I want to install and troubleshoot Python libraries in Amazon EMR and Amazon EMR Serverless clusters.
Resolution
Install Python libraries in Amazon EMR clusters
To install python libraries in Amazon EMR clusters, use a bootstrap action.
Amazon EMR uses puppet, an Apache BigTop deployment mechanism, to configure and initialize applications on instances. Instance-controller is an Amazon EMR software component that runs on every cluster instance. Instance-controller initializes, and then provisions instances based on the instance configuration.
To start NodeProvisioner at the cluster startup, the instance controller runs the provision node script /usr/share/aws/emr/node-provisioner/bin/provision-node. Then, NodeProvisioner provisions all of the Amazon EMR distribution applications for the node and cluster configuration. NodeProvisioner is a final bootstrap action that runs after all other bootstrap actions run on each cluster node.
For the latest Amazon EMR clusters, bootstrap actions run before Amazon EMR installs applications that are specified at the cluster creation. Also, the bootstrap action runs before cluster nodes process data. If you add nodes to a running cluster, then bootstrap actions run on those nodes. You can create custom bootstrap actions and specify applications to install when you create your cluster.

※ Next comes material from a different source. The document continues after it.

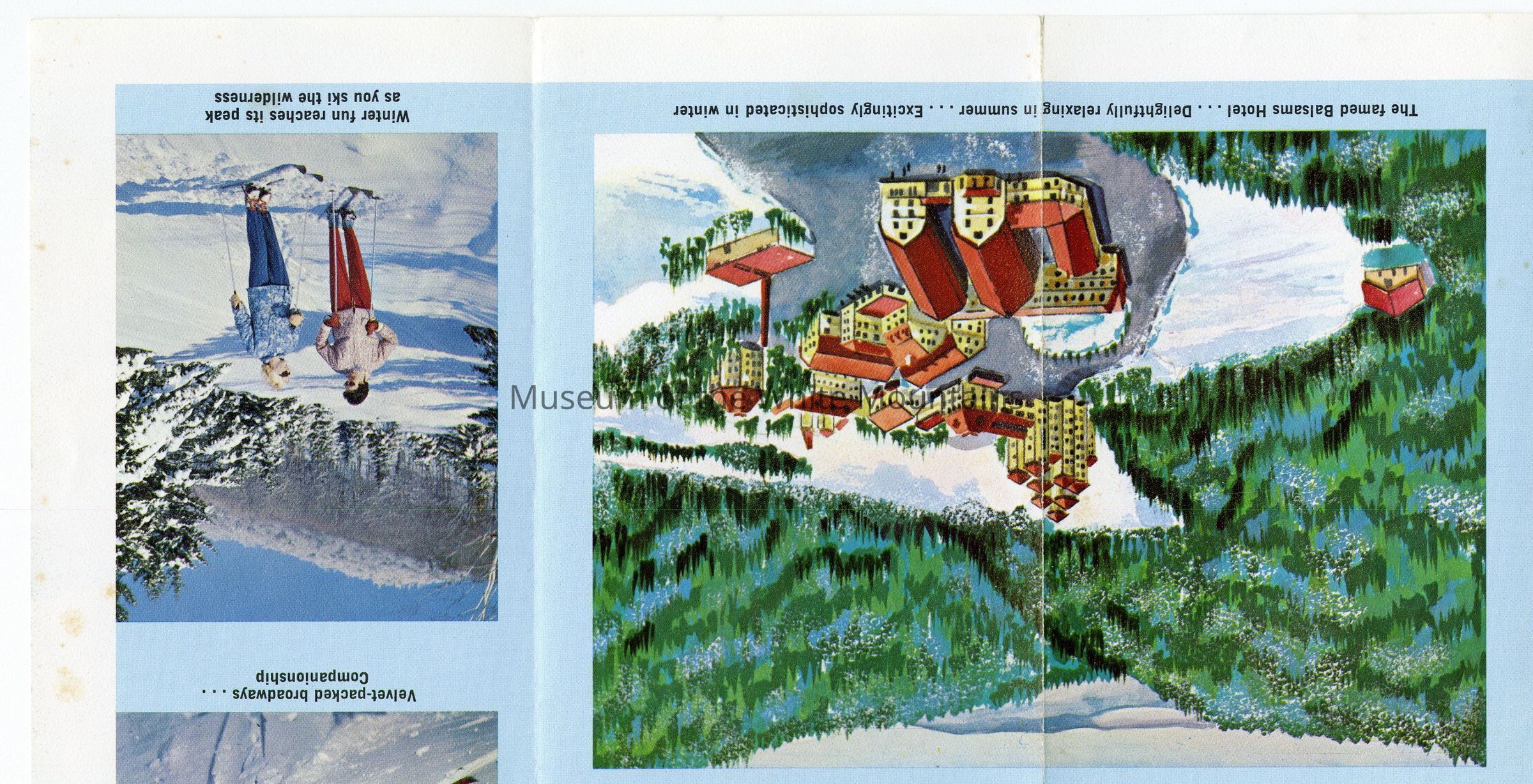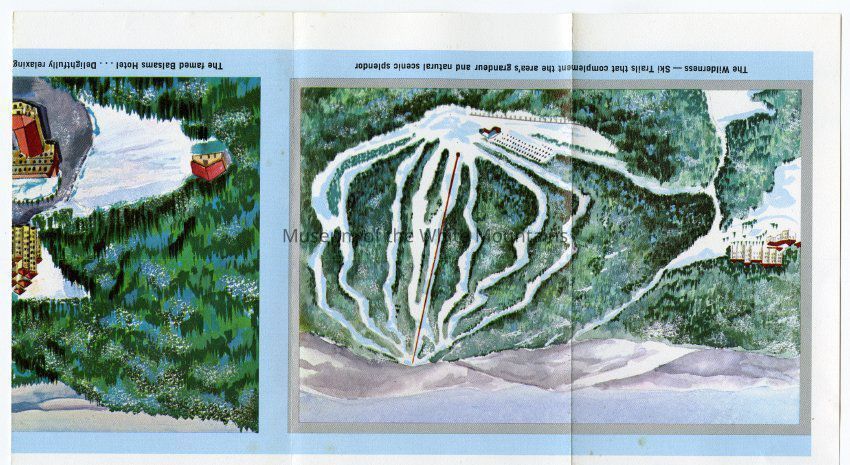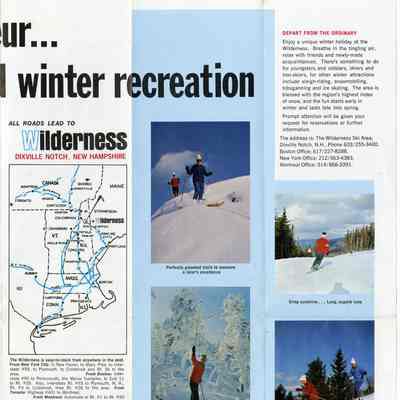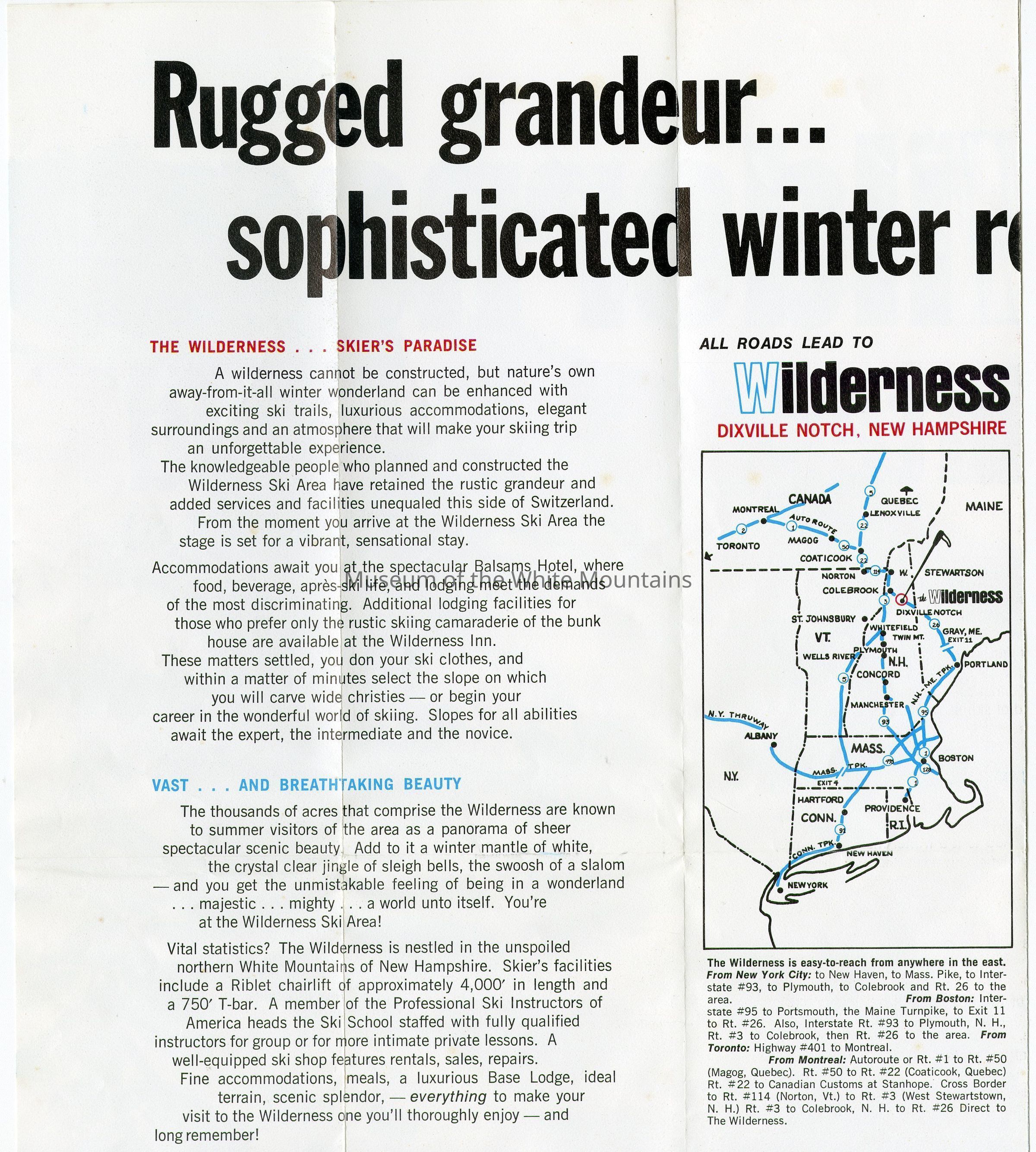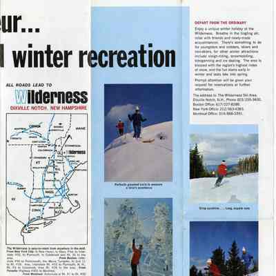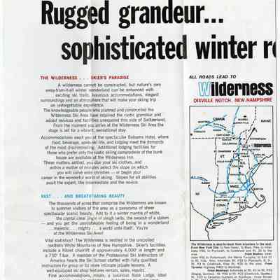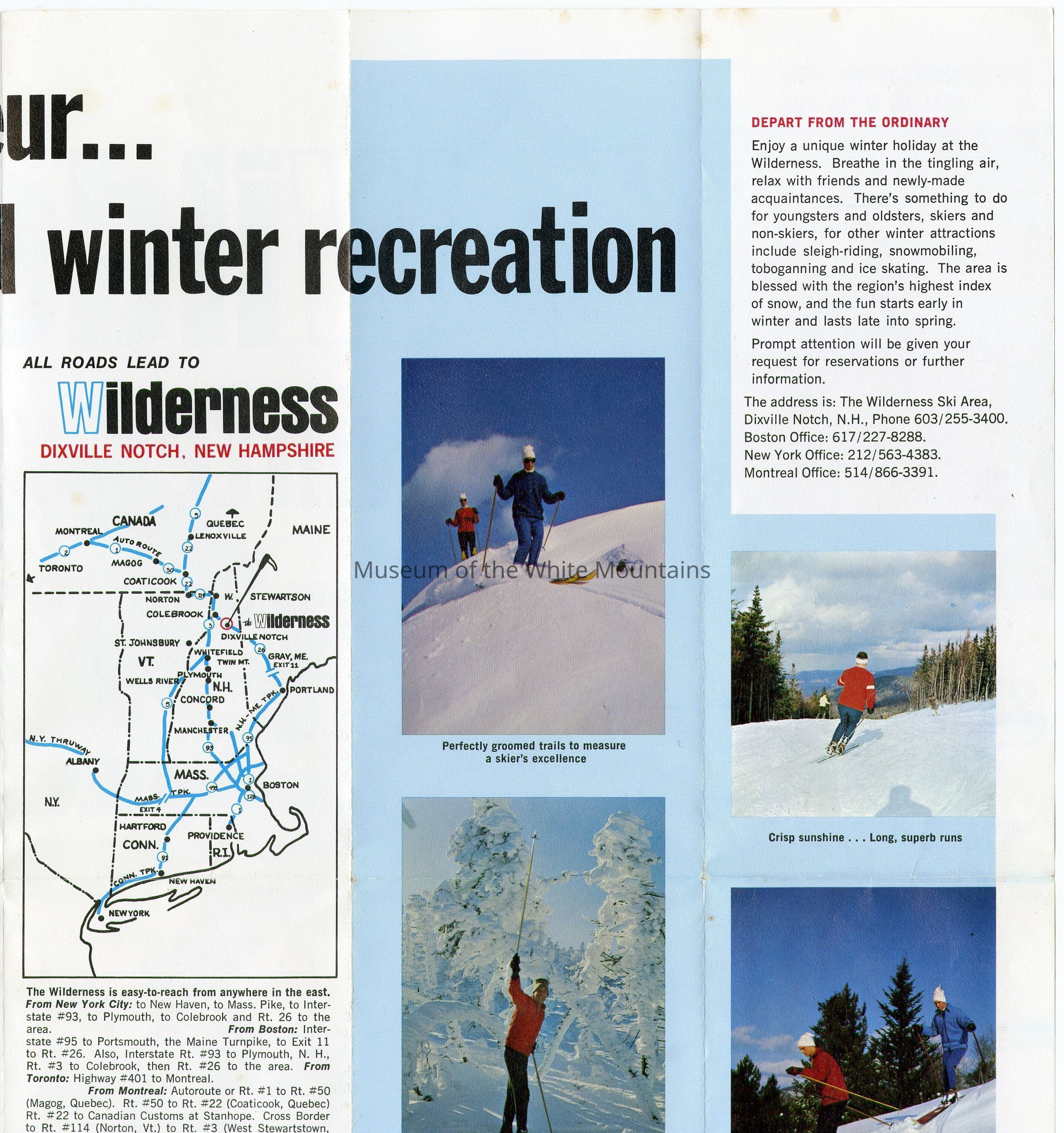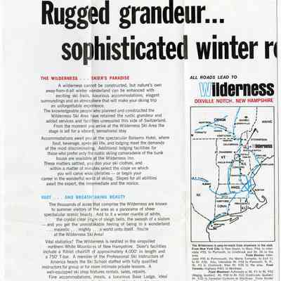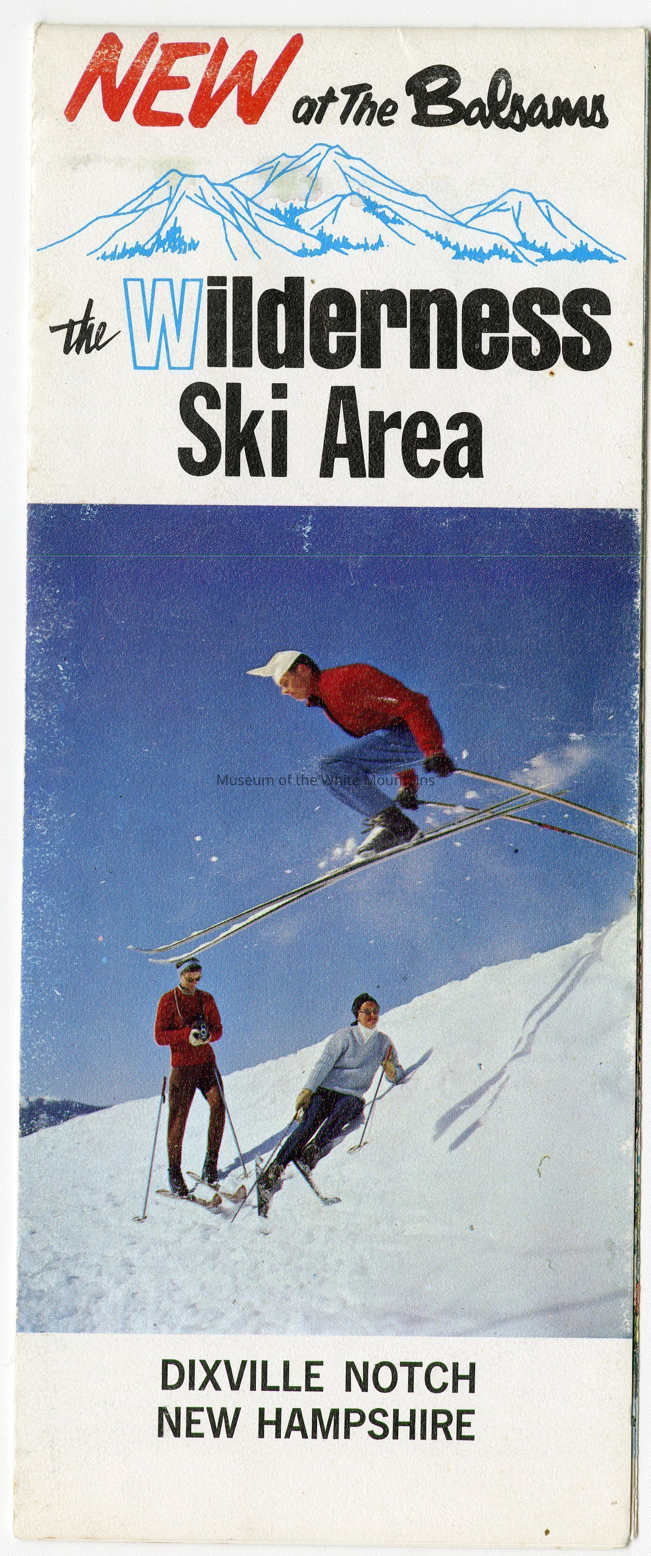Brochure describing the wilderness ski area at the Balsams Winter Resort. Enclosed are sections describing the wilderness and its vast, breathtaking beauty, along with images of the ski trails, the resort, and guests skiing, along with directions to the hotel from New York City, Boston, Toronto and Montreal. On the back is an illustration of the ski area and base lodge with the title"The Wilderness Winter Wonderland."Acquisition

Install Python libraries in Amazon EMR Serverless clusters
To install Python libraries and use their capabilities within your Spark jobs and notebooks, use one of the following methods based on your use case:
Troubleshoot Python libraries
Python libraries that are installed by bootstrap actions might be overrode by Amazon EMR default libraries. To resolve this issue, create a delayed bootstrap actions or a second stage bootstrap action as a running code. Or, install the packages after you receive the NODEPROVISIONSTATE SUCCESSFUL message.
The following bootstrap action upgrades the library after the application provisioning stage. Add this script as a bootstrap script that runs in the background and exits so that cluster provisioning continues. This script continues to monitor node provisioning and upgrades the library after provisioning.
Example script that upgrades the NumPy version:
#!/bin/bash
set -x
cat > /var/tmp/fix-bootstap.sh <<'EOF'
#!/bin/bash
set -x
while true; do
NODEPROVISIONSTATE=`sed -n '/localInstance [{]/,/[}]/{
/nodeProvisionCheckinRecord [{]/,/[}]/ {
/status: / { p }
/[}]/a
}
/[}]/a
}' /emr/instance-controller/lib/info/job-flow-state.txt | awk ' { print $2 }'`
if [ "$NODEPROVISIONSTATE" == "SUCCESSFUL" ]; then
echo "Running my post provision bootstrap"
# your code here
sudo /mnt/notebook-env/bin/pip install pandas==1.3.5
sudo /mnt/notebook-env/bin/pip install boto==2.49.0
sudo /mnt/notebook-env/bin/pip install boto3==1.25.0
exit
else
echo "Sleeping Till Node is Provisioned"
sleep 10
fi
done
EOF
chmod +x /var/tmp/fix-bootstap.sh
nohup /var/tmp/fix-bootstap.sh 2>&1 &
Note: YARN containers that run a Python package might not use an updated package that can be installed with the preceding resolution. As a result, you'll receive module not found errors when you attempt to install an updated package. To prevent module not found errors, poll the nodemanager service state. Then, run the desired bootstrap action when the nodemanager starts.